ElastiCache is for in-memory caches what RDS is for SQL databases. You can choose between two engines:
Both Redis and Memcached are open-source in-memory data stores. Overall, Redis comes with some advanced features like complex data structures (e.g., sorted sets), in-memory snapshots on disk, and a built-in message broker. Compared to that, Memcached focuses on simplicity and provides only the functionality needed for an in-memory cache.
ElastiCache allows you to deploy a cluster of in-memory instances. All you have to do is to specify the instance type – which defines the CPU, memory, and networking capabilities – as well as the number of instances. The managed service will spin up and maintain the needed instances and provides you a hostname that your application can connect to. It is important to note that ElastiCache runs within your private network (VPC).
Many application frameworks like Spring or Ruby on Rails come with support for either Redis or Memcached to cache database queries, rendered partials, and many more.
By the way, another typical use case for ElastiCache is storing sessions or all kinds of data that you do not need to persist on disk.
Typically, ElastiCache is used by the application to cache database queries or pre-calculated results. However, the load balancer and web server still need to process the request. Adding CloudFront, a Content Delivery Network (CDN), to the architecture allows you to answer requests even before they hit your load balancer. Doing so reduces latency and costs even further.
AWS operates infrastructure worldwide. Besides the big data centers – called regions – there are more than 200 edge locations all around the world. CloudFront utilizes those edge locations to minimize the distance and, therefore, latency between your users and your cloud infrastructure. You can think of CloudFront as a cache for static web content – like stylesheets, images, and videos – as well as a cache for dynamic content – like a rendered HTML page.
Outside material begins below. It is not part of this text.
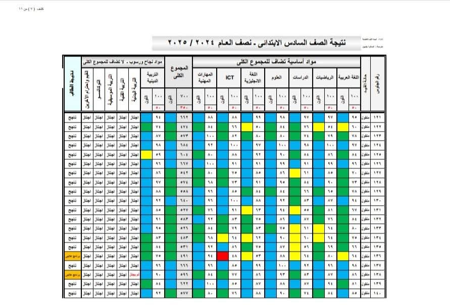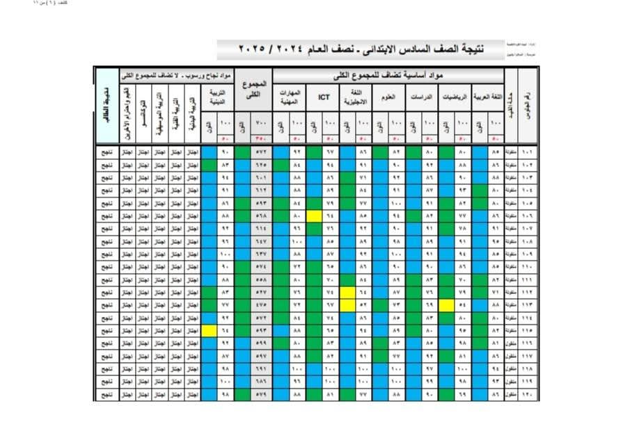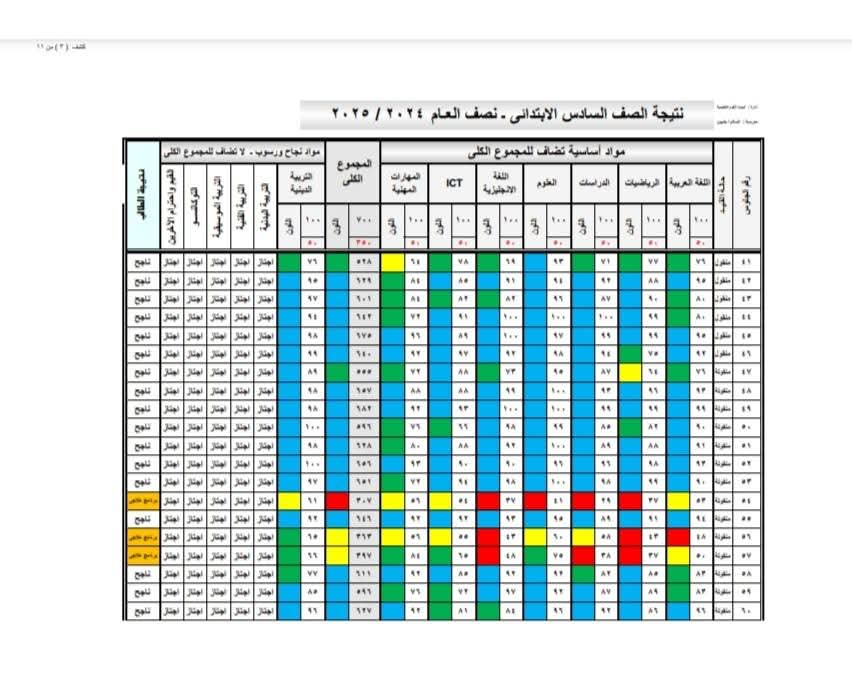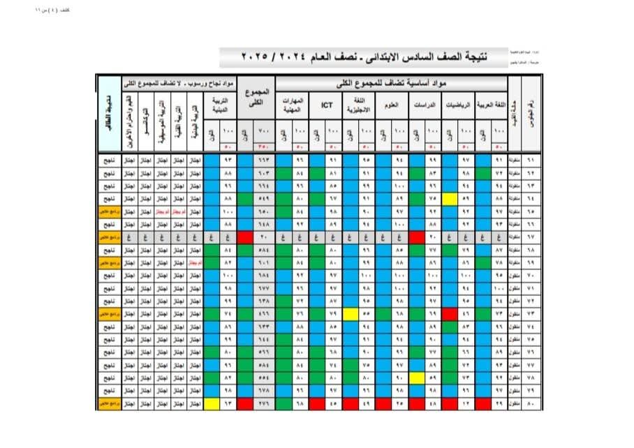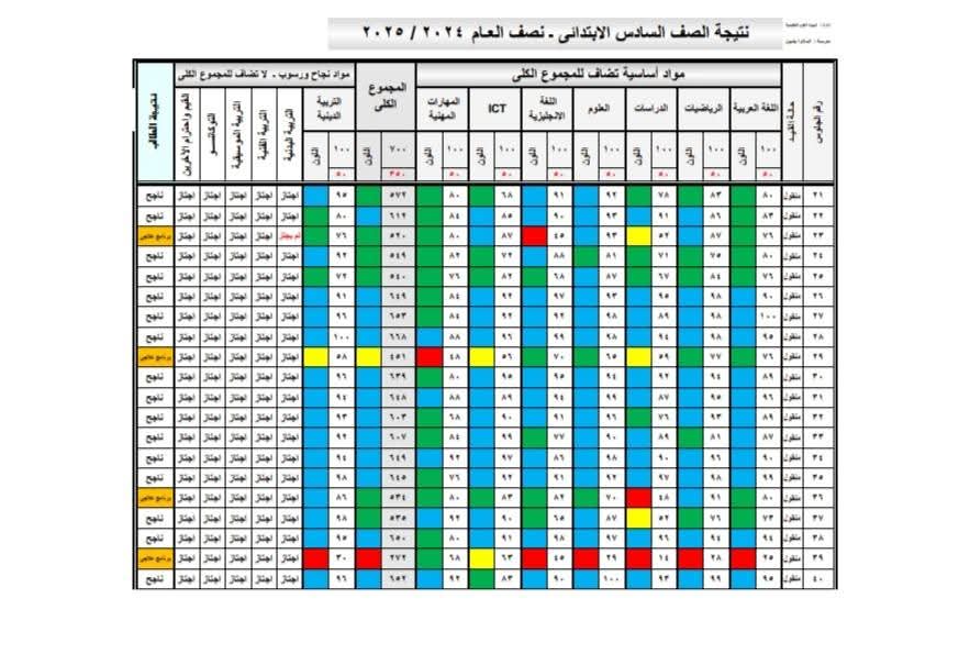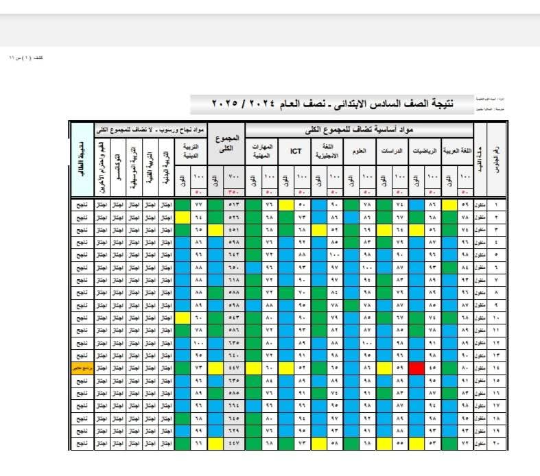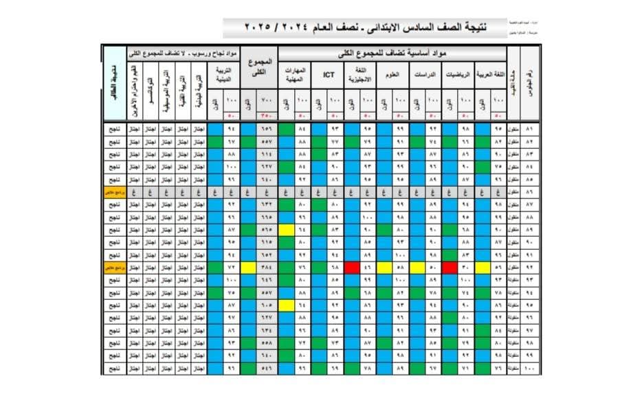 نتيجة الصف السادس الابتدائي 2025 الترم الأول
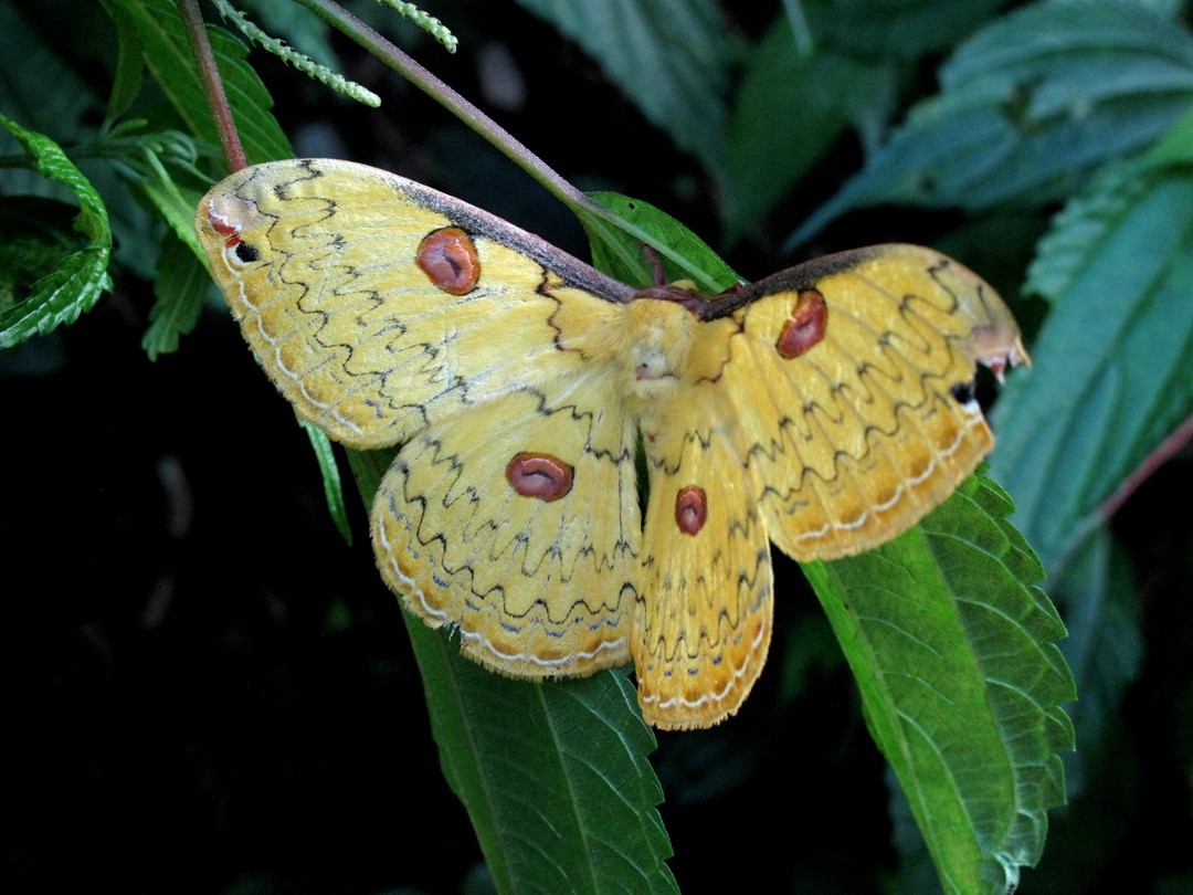 黄豹大蚕蛾,个体硕大,图案华丽精美,每片翅膀上都有一枚醒目的眼斑,属于观赏性的大蛾子,美感决不输于蝴蝶。

CloudFront is priced per request and data transfer. There is no minimum fee.
By default, CloudFront uses the
Expire HTTP header defined by your application to decide how long a response should be cached. Besides that, you can configure the caching behavior for different paths of your application. It is also possible to invalidate the cached responses manually, for example, after a deployment.
Finally, I want to introduce another caching solution. DynamoDB Accelerator (DAX) provides a write-through caching service for DynamoDB, the NoSQL database by AWS. Write requests are stored in the in-memory cache as well as in the DynamoDB table. AWS manages a cluster of caching nodes for you.
Adding a cache to your architecture can help to optimize performance, flatten traffic spikes, and reduce costs. I highly recommend thinking about caching already when designing an architecture. Introducing a caching layer later might be challenging.
AWS provides in-memory data stores with ElastiCache. Both Redis and Memcached are popular open-source projects and available as options at ElastiCache. CloudFront — Amazon’s Content Delivery Network — can be used to cache static but also dynamic content close to your users worldwide.